🤖 AI Summary
Traditional dynamic causal modeling (DCM) for effective connectivity analysis in fMRI suffers from low computational efficiency, underestimated parameter uncertainty, and imprecise solutions due to its complex observation model. This work proposes Canonical DCM (CDCM), which streamlines the observation model, employs the No-U-Turn Sampler for posterior inference, and—uniquely—enables piecewise analytical solutions of neural ordinary differential equations (ODEs). The approach substantially improves computational efficiency and establishes sufficient conditions for parameter identifiability, thereby enhancing uncertainty quantification.
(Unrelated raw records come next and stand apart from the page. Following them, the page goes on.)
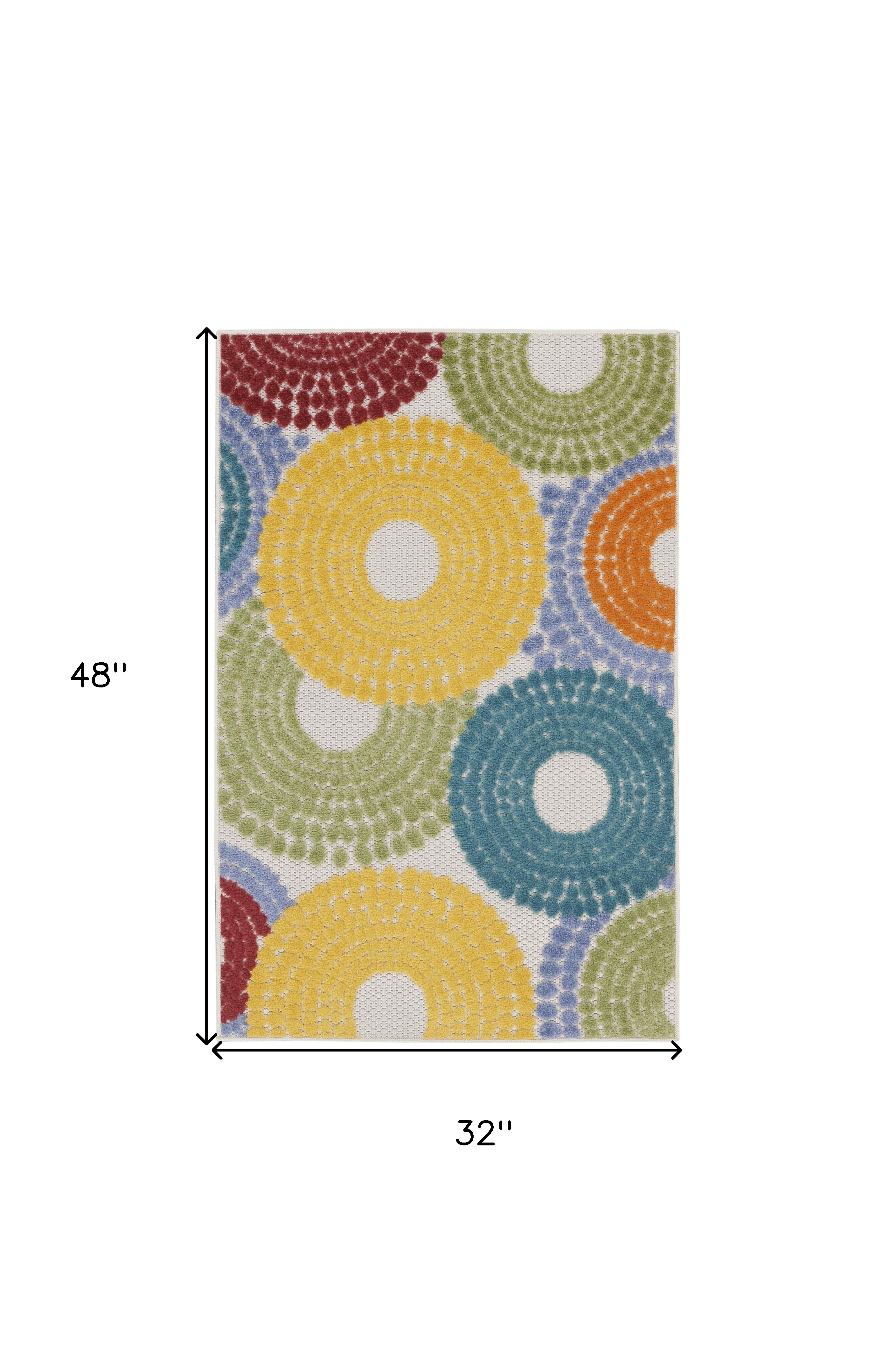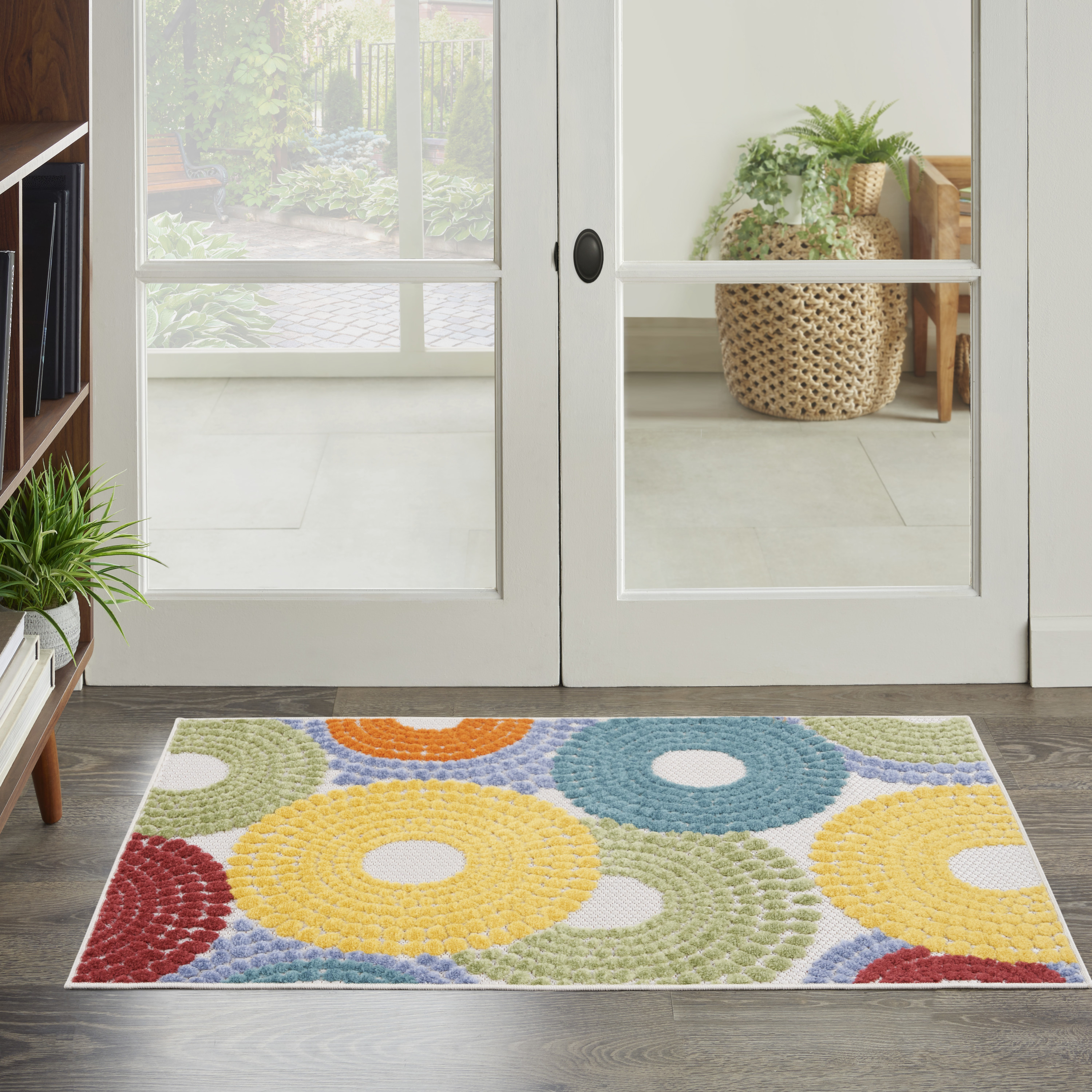 Add some artistry to your room with this 3-foot x 4-foot blue and green geometric indoor outdoor area rug. This rectangle shaped rug features a geometric design in blue and green to give it visual interest. A classic shape marries with good looking design for your space area rugs help to give warmth and sense of home to your space. 32-inch H x 48-inch W x 0.25-inch D
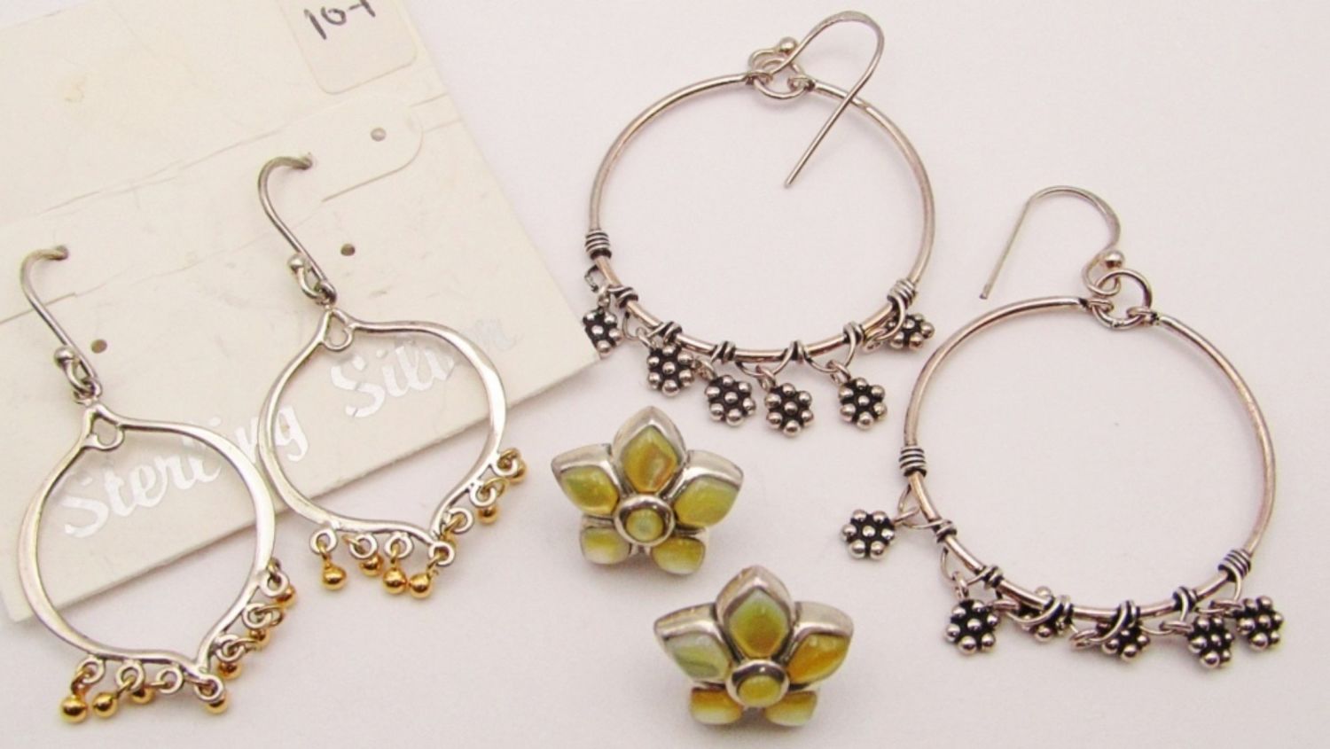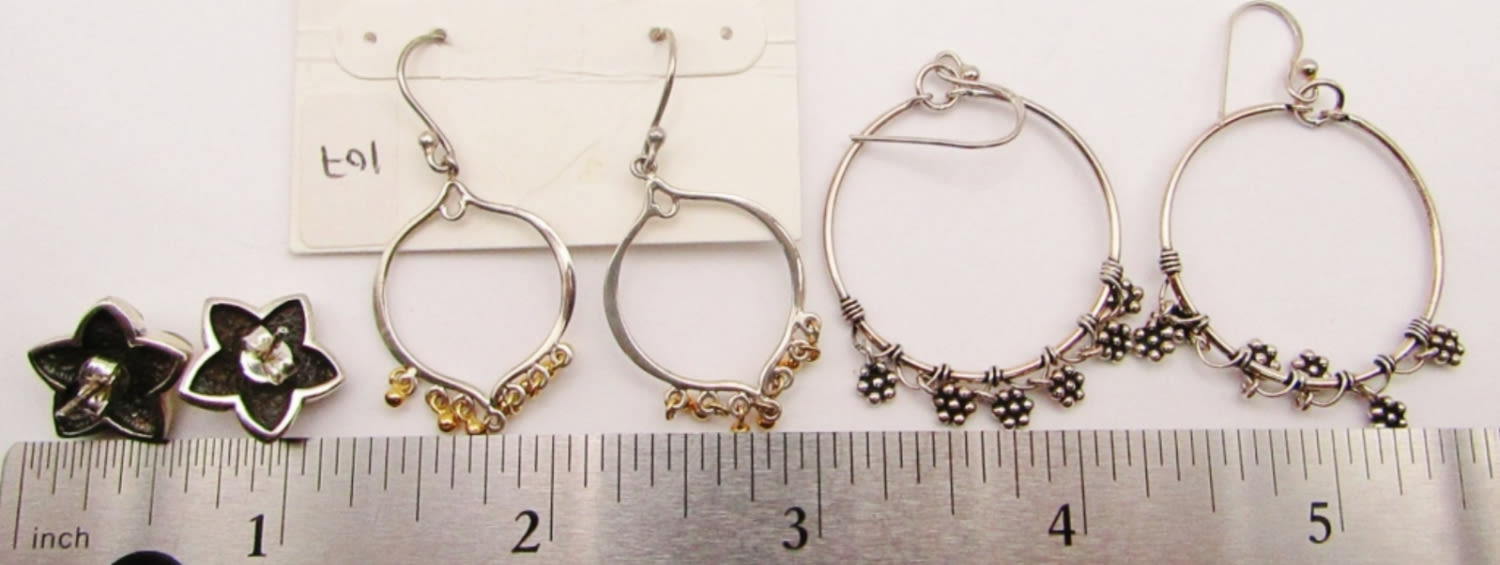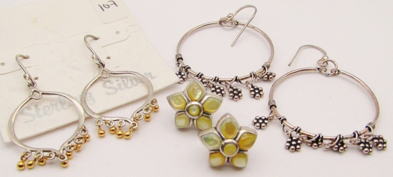 (2)DANGLY HOOPS & (1)FLOWER STUD-TOTAL 10 DWT
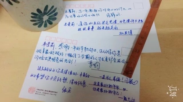 游戏结束后,张余同学作为新一任党建工作中心主管总结发言。她既对为党建工作中心辛勤付出的全体成员表示感谢,也向大家表达了她会认真管理党建工作中心,担负起切实责任的信心。最后是暖心的活动留念环节,一句话,千分情。大家在一起相互传递明信片的同时也在传递着对彼此最真诚的祝愿。
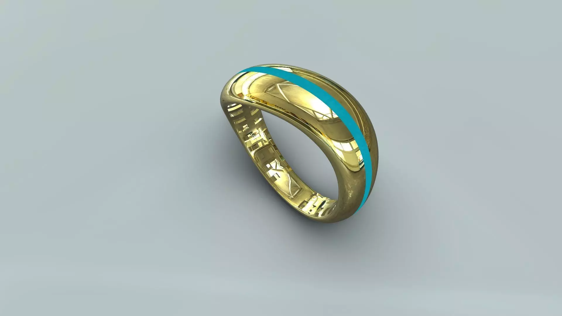 Combining organic movement with a sharp burst of color, this wide statement ring features a fluid, undulating profile that creates a rhythmic wave around the finger. The center of the broad, rounded band is punctuated by a striking, perfectly straight inlay of bright turquoise, providing a vivid architectural contrast to the polished gold curves. This professional-grade CAD model is precision-engineered for high-fidelity 3D printing and casting, featuring a recessed central channel designed to hold stone inlay, enamel, or resin securely. The interior is finished with a smooth, high-polish comfort-fit shank, ensuring that this bold piece remains comfortable for daily wear.
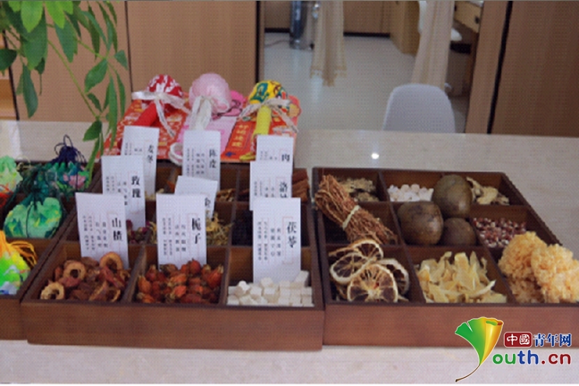 中医馆内中药代茶饮区域所展示中医药材。安源区融媒体中心供图
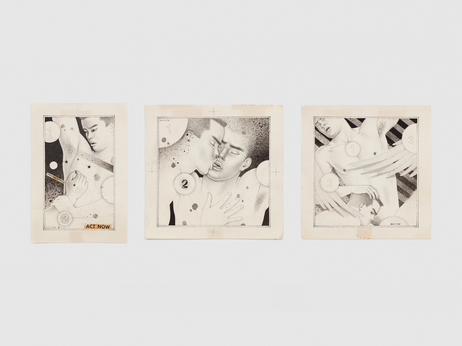 The self-taught Hasegawa reportedly named as key influences Tom of Finland and Go Mishima, the latter renowned for his illustrations of yakuza-tattooed men.4 But what distinguishes Hasegawa is the limitlessness of his world—where men can fuck each other as much as they want, without societal, national, or even species constraints. While he often explored Japanese tropes—kabuki, shunga—this exhibition emphasizes the perviousness of his view of culture and ethnicity, which he abstracted and amalgamated through a futuristic-mythological lens. The letterheaded drawings (ca.1979) show him layering and merging facial features, at times introducing non-human appendages such as wings or leaves—searching for a pan-Asian, mythological male beauty to be his utopian body politic. The artifice of his endeavor is referenced in a 1983 design for the cover of Samson magazine, with dotted lines marking out the symmetries of two godlike heads.
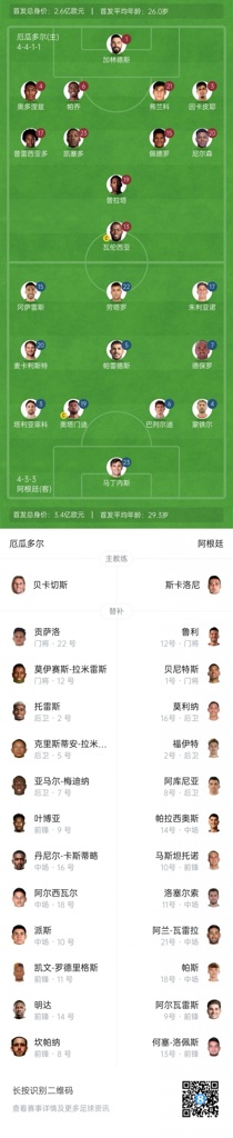 阿根廷替补:12-鲁利、1-贝尼特斯、16-莫利纳、2-福伊特、8-阿库尼亚、14-帕拉西奥斯、10-马斯坦托诺、11-洛塞尔索、21-瓦雷拉、18-帕斯、9-阿尔瓦雷斯、13-何塞-洛佩斯
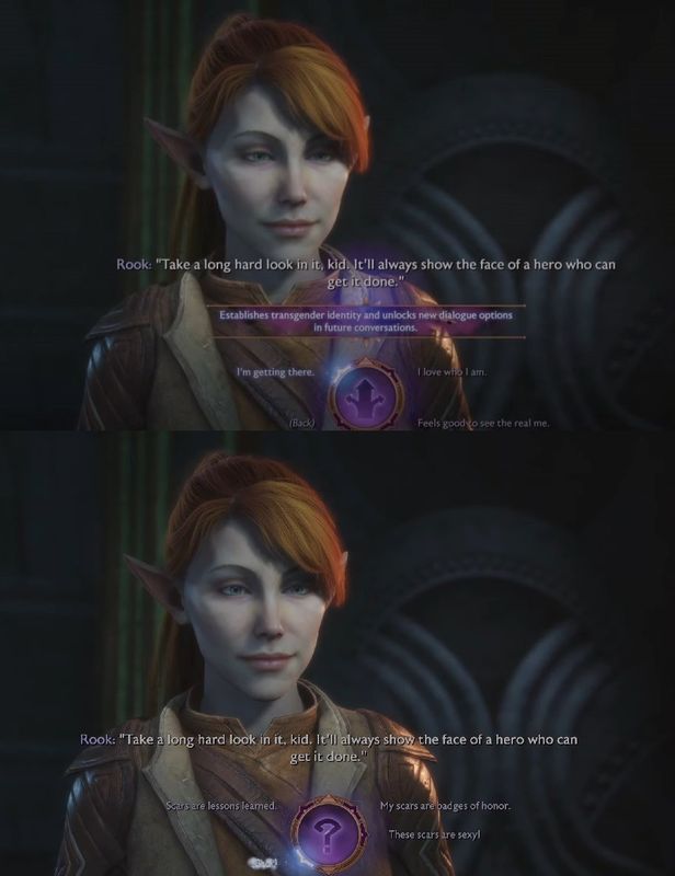 近日游戏博主Mangalawyer发现《龙腾世纪4》的对话在宣扬ZZZQ价值观:在某个对话中,系统提示玩家可通过创建跨性别角色解锁更多对话选项,有网友表示这是变性人总监在夹带私货。
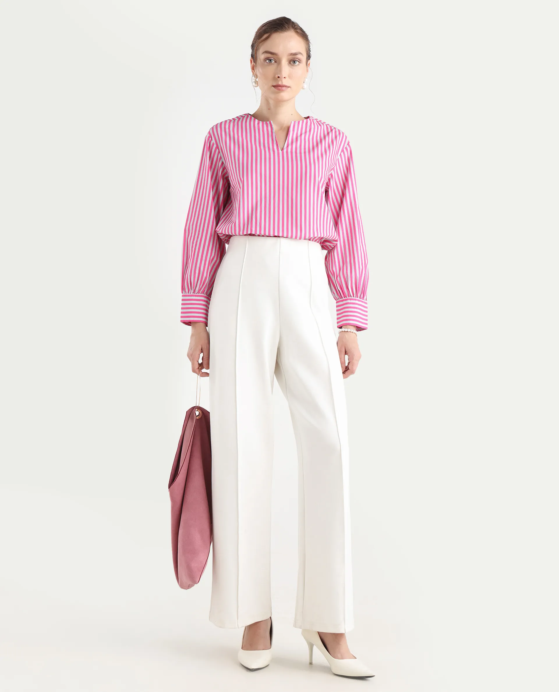 Rareism Women's Myrto Pink Cotton Crew Neck Striped Cuffed Sleeve Regular Fit Top—
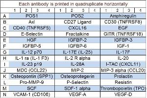 - Amphiregulin, Axl, CD27 Ligand (TNFSF7), CD30 (TNFRSF8), CD40 (TNFRSF5), CXCL16, EGF, E-Selectin, Fractalkine (CX3CL1), GITR (TNFRSF18), HGF, IGF-1, IGFBP-2, IGFBP-3, IGFBP-5, IGFBP-6, IL-1 ra (IL-1 F3), IL-12 p70, IL-17E (IL-25), IL-17F, IL-2 R alpha, IL-20, IL-23 p19, IL-28A (IFN-lambda 2), I-TAC (CXCL11), MDC (CCL22), MIP-2, MIP-3 alpha (CCL20), Osteopontin (SPP1), Osteoprotegerin (TNFRSF11B), Prolactin, Pro-MMP-9, P-Selectin, Resistin, SCF, SDF-1 alpha (CXCL12 alpha), Thrombopoietin (TPO), VCAM-1 (CD106), VEGF-A, VEGF-D

Experiments on both synthetic and real fMRI datasets (from the Wellcome Centre and the Human Connectome Project) demonstrate that CDCM reliably estimates task-related parameters and yields consistent, reproducible patterns of effective connectivity.
📝 Abstract
Effective connectivity analysis in functional magnetic resonance imaging (fMRI) studies directional interactions among brain regions and experimental stimuli. Dynamic causal modeling (DCM) is a widely used method to estimate effective connectivity, based on a state-space representation consisting of a latent neural signal model and an observation model transforming the neural signal into the observed blood-oxygen-level-dependent (BOLD) response. A standard DCM combines ordinary differential equation (ODE) dynamics for the latent signal with a complex neural-hemodynamic system for the observation model, and typically uses variational Bayes for parameter estimation. While physically well-motivated, this approach can lead to practical challenges such as inexact solutions and underestimated uncertainty. We introduce Canonical DCM (CDCM), a Markov chain Monte Carlo (MCMC)-based method that adopts a simpler observation model and the No-U-Turn Sampler for posterior sampling. The simpler observation model admits a piecewise analytic solution to the neural ODE, increasing computational efficiency and enabling explicit derivation of sufficient conditions for parameter identifiability. The results indicate that CDCM provides reliable uncertainty quantification and consistent estimation of parameters related to experimental inputs for simulated and real data. We use publicly available data from the Wellcome Centre for Human Neuroimaging and the Human Connectome Project (HCP) to benchmark CDCM against standard DCM methods and examine replicability of estimated connectivity patterns in small- and large-scale neuroimaging settings.